> [ASSIGNMENT] Return the lines of the material below exactly, beginning with the line that has "(ピンク/90cm)ベビー レギンス 肌着" in it and finishing with the line that has "Carlo Frattini Herend, Cмеситель" in it. Leave all pictures aside.
╭─ TASK DATA
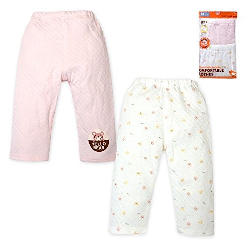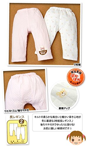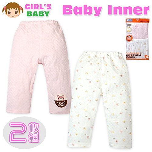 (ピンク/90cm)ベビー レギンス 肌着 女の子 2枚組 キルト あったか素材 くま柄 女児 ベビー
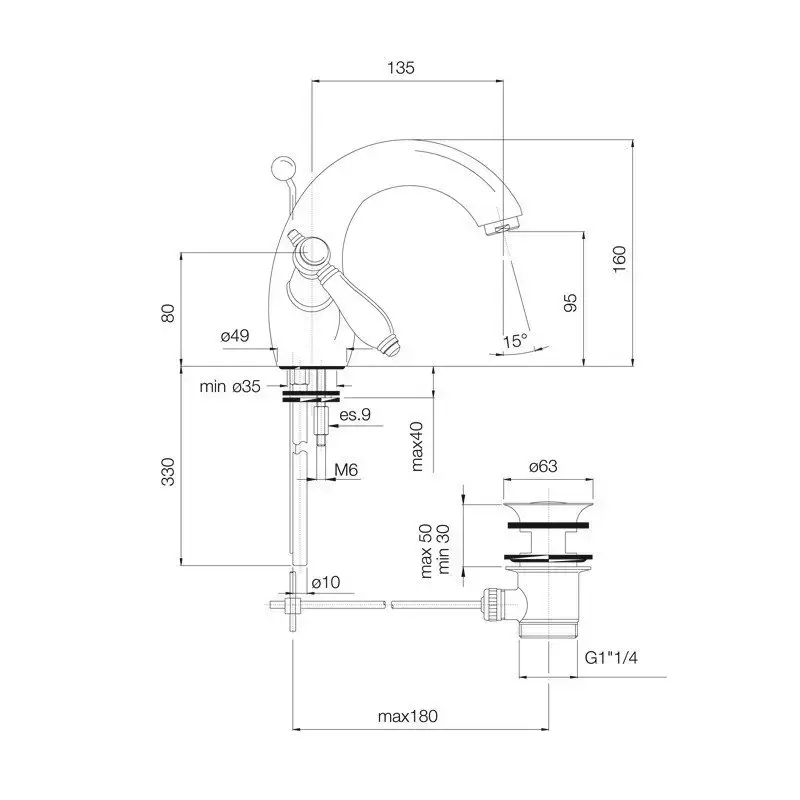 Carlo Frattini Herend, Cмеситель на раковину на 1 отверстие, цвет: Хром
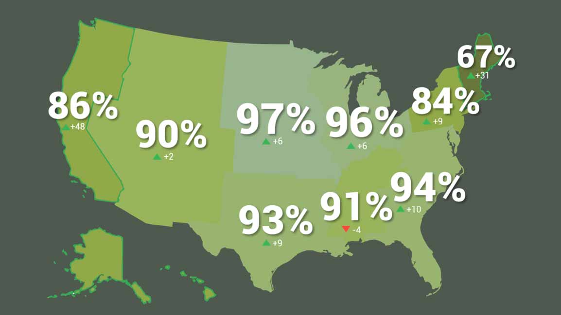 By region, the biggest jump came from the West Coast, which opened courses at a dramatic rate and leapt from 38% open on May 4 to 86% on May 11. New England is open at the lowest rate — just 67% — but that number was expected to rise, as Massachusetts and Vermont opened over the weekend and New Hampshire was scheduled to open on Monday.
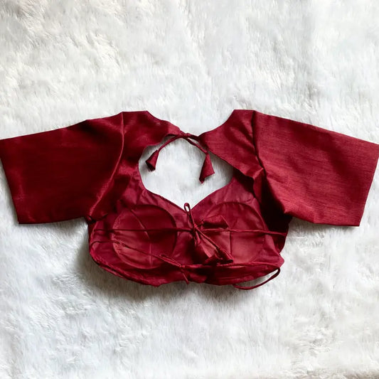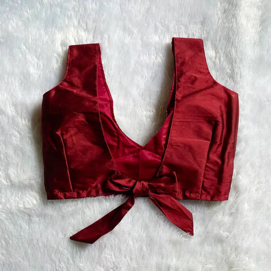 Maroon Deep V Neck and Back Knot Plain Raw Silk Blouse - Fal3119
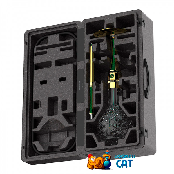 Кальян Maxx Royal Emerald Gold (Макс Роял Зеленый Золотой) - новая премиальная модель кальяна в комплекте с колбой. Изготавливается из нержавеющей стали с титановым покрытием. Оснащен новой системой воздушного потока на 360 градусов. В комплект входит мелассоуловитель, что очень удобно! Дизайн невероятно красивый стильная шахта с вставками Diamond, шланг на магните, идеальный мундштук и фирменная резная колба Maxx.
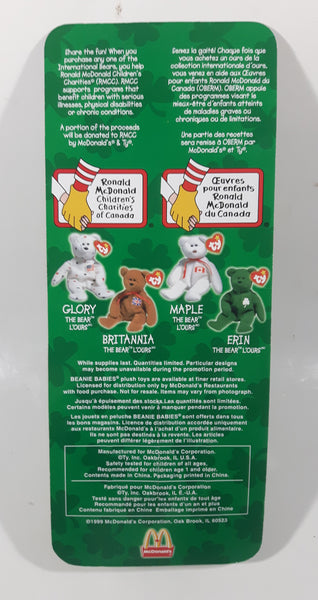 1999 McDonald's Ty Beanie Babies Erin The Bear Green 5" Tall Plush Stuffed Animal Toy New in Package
╰─
╭─ TASK DATA
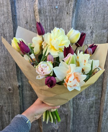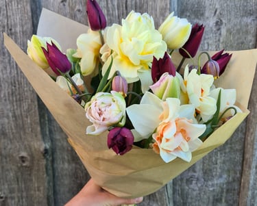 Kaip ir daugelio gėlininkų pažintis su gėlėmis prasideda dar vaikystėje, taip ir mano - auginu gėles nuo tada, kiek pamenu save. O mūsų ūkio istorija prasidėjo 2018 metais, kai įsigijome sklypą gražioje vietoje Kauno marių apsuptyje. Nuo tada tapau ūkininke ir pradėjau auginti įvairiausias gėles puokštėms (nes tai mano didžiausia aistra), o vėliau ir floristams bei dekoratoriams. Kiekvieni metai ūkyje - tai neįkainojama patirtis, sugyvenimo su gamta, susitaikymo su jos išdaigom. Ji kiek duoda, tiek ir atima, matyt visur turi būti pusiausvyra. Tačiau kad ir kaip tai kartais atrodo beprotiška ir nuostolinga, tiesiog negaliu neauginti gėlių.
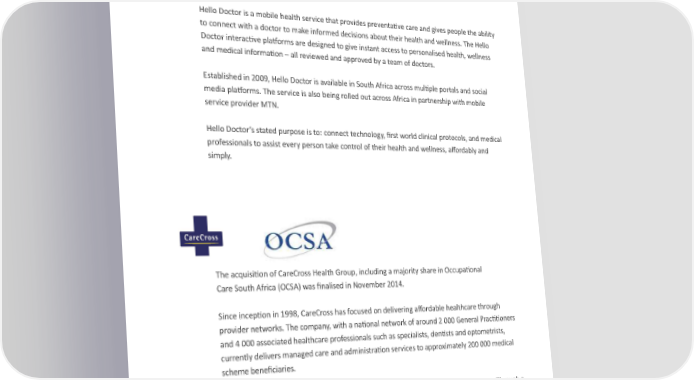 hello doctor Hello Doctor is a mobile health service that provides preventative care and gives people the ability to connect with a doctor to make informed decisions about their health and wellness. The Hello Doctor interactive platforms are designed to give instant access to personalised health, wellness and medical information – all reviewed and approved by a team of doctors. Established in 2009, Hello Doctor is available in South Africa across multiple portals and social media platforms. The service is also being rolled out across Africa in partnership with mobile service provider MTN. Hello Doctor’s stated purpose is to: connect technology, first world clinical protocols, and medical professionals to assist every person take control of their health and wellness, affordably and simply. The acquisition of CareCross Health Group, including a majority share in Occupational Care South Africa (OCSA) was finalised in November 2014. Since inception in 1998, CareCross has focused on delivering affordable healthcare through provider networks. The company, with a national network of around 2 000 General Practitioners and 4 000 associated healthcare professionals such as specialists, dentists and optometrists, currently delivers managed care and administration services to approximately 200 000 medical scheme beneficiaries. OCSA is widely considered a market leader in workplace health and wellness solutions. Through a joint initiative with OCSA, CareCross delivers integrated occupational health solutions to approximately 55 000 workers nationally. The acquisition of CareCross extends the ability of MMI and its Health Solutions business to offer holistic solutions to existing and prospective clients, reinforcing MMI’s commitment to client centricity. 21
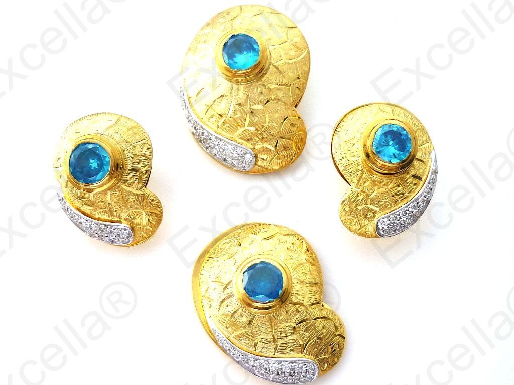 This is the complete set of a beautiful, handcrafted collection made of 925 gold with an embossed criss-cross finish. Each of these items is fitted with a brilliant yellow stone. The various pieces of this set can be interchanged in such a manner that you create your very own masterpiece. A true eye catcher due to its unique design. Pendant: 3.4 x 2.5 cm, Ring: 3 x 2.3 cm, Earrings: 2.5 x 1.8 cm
╰─
╭─ TASK DATA
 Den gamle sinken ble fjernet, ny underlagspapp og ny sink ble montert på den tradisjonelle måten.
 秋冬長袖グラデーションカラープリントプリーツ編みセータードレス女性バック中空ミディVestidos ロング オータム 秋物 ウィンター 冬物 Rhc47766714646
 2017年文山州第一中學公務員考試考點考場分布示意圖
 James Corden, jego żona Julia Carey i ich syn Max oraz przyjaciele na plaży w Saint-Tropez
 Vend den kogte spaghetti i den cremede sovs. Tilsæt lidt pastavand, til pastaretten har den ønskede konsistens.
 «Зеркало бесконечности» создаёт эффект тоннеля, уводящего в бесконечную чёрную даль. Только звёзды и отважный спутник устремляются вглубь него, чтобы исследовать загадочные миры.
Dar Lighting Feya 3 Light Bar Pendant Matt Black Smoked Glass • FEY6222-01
╰─
> [WRITTEN REPLY]
 (ピンク/90cm)ベビー レギンス 肌着 女の子 2枚組 キルト あったか素材 くま柄 女児 ベビー
 Carlo Frattini Herend, Cмеситель на раковину на 1 отверстие, цвет: Хром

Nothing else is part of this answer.